Activity:
Extract the lines beginning at the one that holds "Cuộc thi bao" and ending at the final line of the material below, keeping them exact and leaving out all pictures.

Data extract:
- - - -
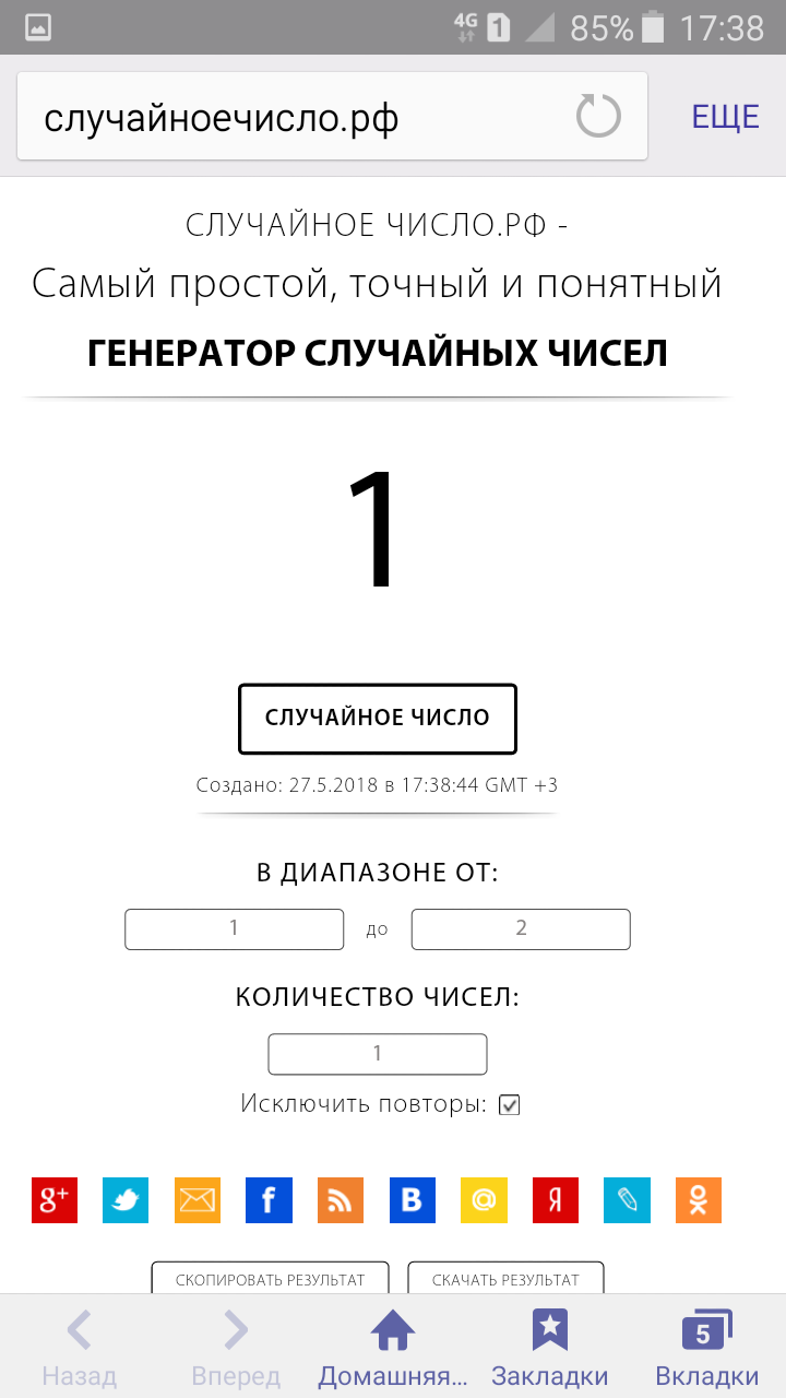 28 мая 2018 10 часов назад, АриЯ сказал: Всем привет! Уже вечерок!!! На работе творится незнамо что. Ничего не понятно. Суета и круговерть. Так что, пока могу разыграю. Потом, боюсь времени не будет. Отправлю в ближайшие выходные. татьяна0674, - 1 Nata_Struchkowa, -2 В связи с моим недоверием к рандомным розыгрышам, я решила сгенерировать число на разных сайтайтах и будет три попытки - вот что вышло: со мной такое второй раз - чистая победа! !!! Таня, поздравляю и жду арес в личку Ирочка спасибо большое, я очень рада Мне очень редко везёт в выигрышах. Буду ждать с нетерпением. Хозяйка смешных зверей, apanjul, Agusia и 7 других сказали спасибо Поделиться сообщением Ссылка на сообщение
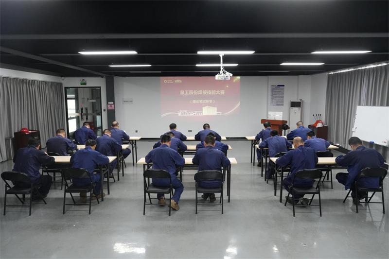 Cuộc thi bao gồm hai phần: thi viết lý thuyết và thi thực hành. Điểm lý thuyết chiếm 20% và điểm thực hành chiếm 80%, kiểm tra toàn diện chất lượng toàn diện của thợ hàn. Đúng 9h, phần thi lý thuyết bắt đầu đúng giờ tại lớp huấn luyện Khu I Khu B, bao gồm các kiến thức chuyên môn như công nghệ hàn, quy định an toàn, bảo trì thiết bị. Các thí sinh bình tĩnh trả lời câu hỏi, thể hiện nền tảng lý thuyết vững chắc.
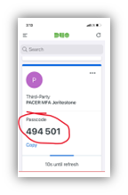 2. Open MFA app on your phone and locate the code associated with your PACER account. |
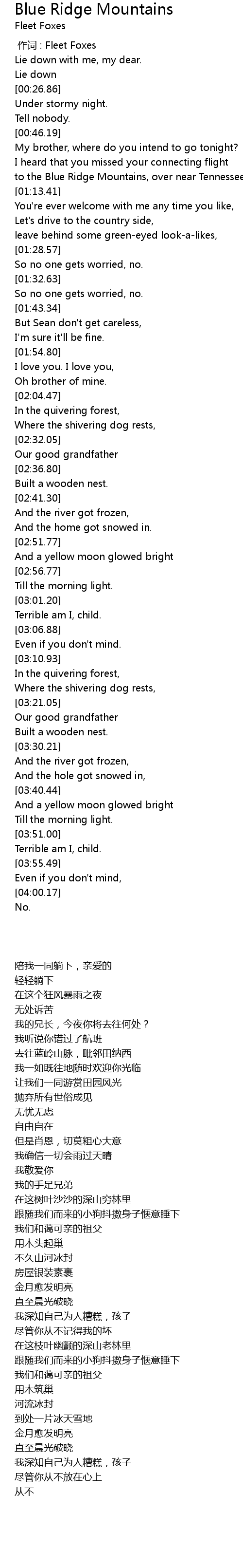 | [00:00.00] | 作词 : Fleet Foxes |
- - - -
Answer section:
 Cuộc thi bao gồm hai phần: thi viết lý thuyết và thi thực hành. Điểm lý thuyết chiếm 20% và điểm thực hành chiếm 80%, kiểm tra toàn diện chất lượng toàn diện của thợ hàn. Đúng 9h, phần thi lý thuyết bắt đầu đúng giờ tại lớp huấn luyện Khu I Khu B, bao gồm các kiến thức chuyên môn như công nghệ hàn, quy định an toàn, bảo trì thiết bị. Các thí sinh bình tĩnh trả lời câu hỏi, thể hiện nền tảng lý thuyết vững chắc.
 2. Open MFA app on your phone and locate the code associated with your PACER account. |
 | [00:00.00] | 作词 : Fleet Foxes |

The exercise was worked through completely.